— RECORDS FOR PROCESSING —
____
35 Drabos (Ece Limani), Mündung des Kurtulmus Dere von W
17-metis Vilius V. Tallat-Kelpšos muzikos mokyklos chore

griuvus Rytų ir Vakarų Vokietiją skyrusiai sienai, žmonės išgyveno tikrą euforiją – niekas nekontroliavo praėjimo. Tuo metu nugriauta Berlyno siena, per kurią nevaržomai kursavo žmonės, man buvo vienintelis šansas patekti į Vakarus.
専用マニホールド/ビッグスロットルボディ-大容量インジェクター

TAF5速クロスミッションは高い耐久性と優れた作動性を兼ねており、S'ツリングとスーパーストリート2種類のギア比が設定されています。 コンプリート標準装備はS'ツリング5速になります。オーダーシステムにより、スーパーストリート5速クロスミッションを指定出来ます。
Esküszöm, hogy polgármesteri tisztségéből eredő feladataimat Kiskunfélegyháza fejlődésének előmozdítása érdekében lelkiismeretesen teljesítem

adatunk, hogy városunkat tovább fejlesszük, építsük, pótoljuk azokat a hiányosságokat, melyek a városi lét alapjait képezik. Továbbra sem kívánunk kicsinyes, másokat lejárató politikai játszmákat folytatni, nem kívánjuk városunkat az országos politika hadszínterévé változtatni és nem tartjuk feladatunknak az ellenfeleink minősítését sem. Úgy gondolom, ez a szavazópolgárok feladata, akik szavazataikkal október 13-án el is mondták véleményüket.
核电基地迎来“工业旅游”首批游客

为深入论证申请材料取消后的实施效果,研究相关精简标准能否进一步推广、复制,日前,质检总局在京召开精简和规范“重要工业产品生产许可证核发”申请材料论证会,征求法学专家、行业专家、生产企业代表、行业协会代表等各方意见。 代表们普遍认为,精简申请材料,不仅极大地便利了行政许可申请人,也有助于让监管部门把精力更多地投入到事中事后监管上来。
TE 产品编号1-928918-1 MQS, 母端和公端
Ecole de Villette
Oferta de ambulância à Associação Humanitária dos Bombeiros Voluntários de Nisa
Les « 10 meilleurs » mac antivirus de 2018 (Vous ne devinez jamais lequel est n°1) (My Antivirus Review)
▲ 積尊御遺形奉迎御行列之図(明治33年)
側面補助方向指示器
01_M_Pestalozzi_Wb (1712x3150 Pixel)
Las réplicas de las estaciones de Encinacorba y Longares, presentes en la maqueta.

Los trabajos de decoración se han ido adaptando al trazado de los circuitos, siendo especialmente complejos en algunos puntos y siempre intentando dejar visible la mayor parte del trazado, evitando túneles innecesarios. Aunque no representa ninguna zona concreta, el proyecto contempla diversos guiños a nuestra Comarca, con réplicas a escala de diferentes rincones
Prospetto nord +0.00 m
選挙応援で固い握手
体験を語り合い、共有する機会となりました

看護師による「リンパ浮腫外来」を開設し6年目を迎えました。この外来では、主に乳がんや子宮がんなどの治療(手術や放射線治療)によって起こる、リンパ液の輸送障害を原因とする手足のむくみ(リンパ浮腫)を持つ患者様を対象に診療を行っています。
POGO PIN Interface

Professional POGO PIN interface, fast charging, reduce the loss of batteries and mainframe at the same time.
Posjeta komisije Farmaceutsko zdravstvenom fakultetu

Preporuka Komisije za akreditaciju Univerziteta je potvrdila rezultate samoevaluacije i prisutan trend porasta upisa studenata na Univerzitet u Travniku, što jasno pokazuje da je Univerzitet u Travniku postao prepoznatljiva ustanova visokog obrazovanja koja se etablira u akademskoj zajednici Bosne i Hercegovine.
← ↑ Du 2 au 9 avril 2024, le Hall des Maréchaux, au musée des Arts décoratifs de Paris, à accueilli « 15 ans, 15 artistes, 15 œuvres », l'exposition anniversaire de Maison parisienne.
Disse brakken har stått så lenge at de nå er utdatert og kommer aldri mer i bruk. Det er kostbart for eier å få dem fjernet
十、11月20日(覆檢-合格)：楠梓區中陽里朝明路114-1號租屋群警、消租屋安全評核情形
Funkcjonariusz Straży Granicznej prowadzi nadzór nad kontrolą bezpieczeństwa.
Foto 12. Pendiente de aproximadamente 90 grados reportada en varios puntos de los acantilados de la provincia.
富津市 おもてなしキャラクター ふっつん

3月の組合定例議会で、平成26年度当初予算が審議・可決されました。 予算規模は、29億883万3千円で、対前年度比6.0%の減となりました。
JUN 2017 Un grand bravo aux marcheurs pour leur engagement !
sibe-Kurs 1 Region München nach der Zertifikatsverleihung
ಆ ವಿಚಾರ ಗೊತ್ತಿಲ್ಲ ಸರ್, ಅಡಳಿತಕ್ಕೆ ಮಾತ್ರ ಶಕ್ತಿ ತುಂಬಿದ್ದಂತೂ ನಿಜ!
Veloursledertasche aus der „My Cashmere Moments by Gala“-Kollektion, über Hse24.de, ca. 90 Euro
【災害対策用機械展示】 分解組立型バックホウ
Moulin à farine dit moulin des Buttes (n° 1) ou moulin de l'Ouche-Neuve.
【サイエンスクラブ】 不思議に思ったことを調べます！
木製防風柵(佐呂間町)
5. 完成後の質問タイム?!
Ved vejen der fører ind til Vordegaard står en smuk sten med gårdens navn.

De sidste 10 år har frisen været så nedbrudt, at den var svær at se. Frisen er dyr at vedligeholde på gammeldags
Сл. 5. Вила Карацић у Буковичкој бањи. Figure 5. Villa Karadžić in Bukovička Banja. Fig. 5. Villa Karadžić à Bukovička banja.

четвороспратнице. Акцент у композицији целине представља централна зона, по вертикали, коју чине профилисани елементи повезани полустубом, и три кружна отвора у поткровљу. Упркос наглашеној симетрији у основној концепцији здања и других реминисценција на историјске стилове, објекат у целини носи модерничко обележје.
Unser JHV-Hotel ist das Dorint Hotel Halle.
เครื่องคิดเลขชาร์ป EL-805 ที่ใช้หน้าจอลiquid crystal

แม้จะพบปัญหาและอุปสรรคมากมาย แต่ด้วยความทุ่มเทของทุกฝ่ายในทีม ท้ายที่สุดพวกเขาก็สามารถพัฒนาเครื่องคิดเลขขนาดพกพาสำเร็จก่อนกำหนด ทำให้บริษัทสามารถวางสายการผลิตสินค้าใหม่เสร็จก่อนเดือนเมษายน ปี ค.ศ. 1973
____
— EXERCISE DESCRIPTION —
Wherever the word "hogy" appears in the records above, copy that line.

— WORKED SOLUTION —
Esküszöm, hogy polgármesteri tisztségéből eredő feladataimat Kiskunfélegyháza fejlődésének előmozdítása érdekében lelkiismeretesen teljesítem
adatunk, hogy városunkat tovább fejlesszük, építsük, pótoljuk azokat a hiányosságokat, melyek a városi lét alapjait képezik. Továbbra sem kívánunk kicsinyes, másokat lejárató politikai játszmákat folytatni, nem kívánjuk városunkat az országos politika hadszínterévé változtatni és nem tartjuk feladatunknak az ellenfeleink minősítését sem. Úgy gondolom, ez a szavazópolgárok feladata, akik szavazataikkal október 13-án el is mondták véleményüket.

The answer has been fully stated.